The corporation’s broader strategy reflects a pivot toward biosimilars as a growth engine while maintaining its core focus on women’s health and dermatology products. Organon & Co. (NYSE:OGN) is also expanding into oncology and immunology, building a pipeline designed to balance challenges from legacy brands with aggressive entries into high-value generics and specialty therapies.

10. Viatris Inc. (NASDAQ:VTRS)

Forward PE Ratio: 4.40 

Viatris Inc. (NASDAQ:VTRS), a global healthcare company formed from the 2020 merger of Mylan and Pfizer’s Upjohn division, continues to expand its presence in both generics and specialty pharmaceuticals. Operating in over 165 countries, the company blends established medicines with innovative therapies, positioning itself as a cost-effective healthcare stock backed by a growing late-stage pipeline.

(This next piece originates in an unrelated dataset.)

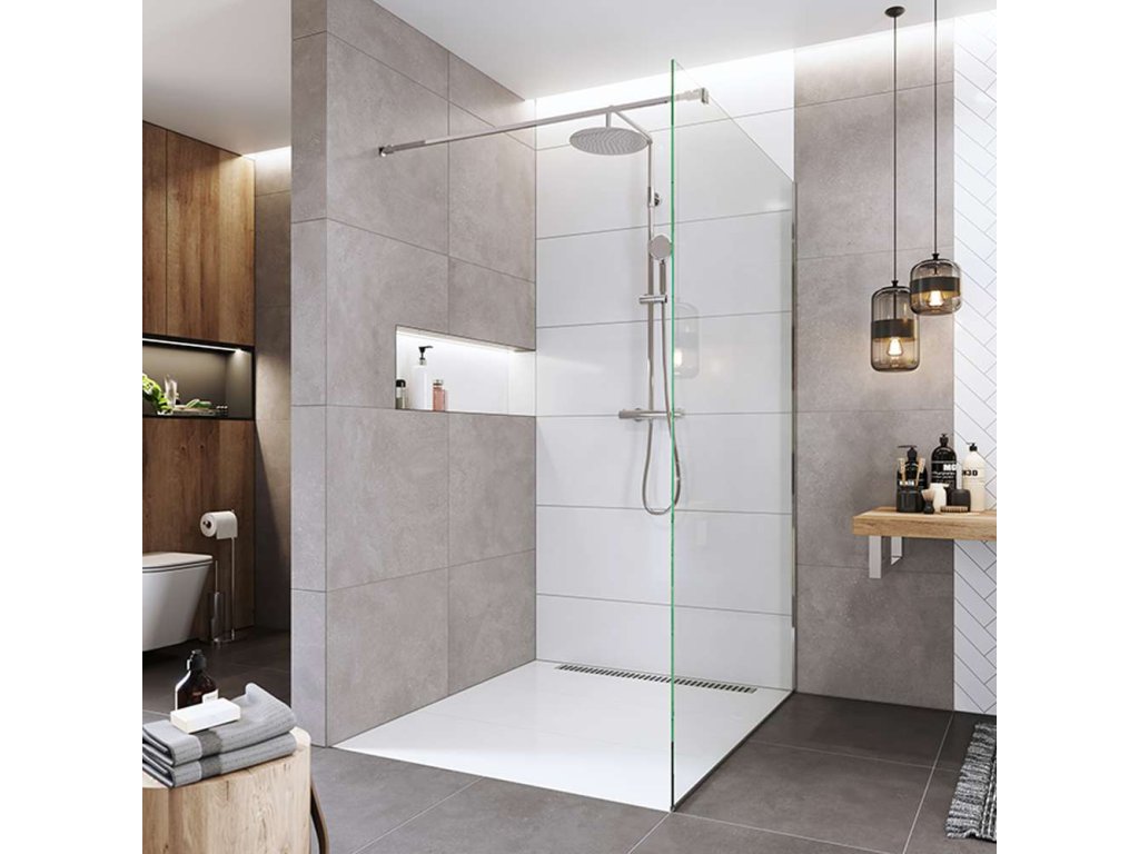 Sprchové stěny WALK IN jsou jediné, které se vám opravdu přizpůsobí. Sestavte si svůj sprchovací prostor na míru. Sprchový kout typu WALK IN si můžete poskládat v několika možných kombinacích. Stabilitu bezpečnostní skla zajišťuje elegantní kovová vzpěra a v případě montáže na zeď i boční stavitelný profil, které nenarušují designovou čistotu celého koutu, nejedná o hermeticky uzavřený výrobek.

A key development in 2025 is the FDA approval of  Viatris Inc. (NASDAQ:VTRS)’s first generic iron sucrose injection, a version of Venofer, which had annual U.S. sales of approximately $515 million. This approval marks a significant entry into the intravenous iron market and reflects the firm’s focus on high-value complex generics as a cornerstone of its growth strategy.

The corporation has also reported positive late-stage trial results for several pipeline assets, including fast-acting meloxicam for acute pain, the next-generation birth control patch XULANE LO, ophthalmology products for presbyopia, and new indications for EFFEXOR in Japan. For investors tracking cheap healthcare stocks, these successful Phase 3 readouts reinforce the business’s late-stage pipeline and support upcoming product launches and regulatory filings through 2026.

Viatris Inc. (NASDAQ:VTRS)’s strategic emphasis on complex generics and specialty products highlights its shift from a primarily generic-focused business to a more innovation-driven company. CEO Scott A. Smith has underscored the resilience of the diversified portfolio and the importance of commercial execution for new launches.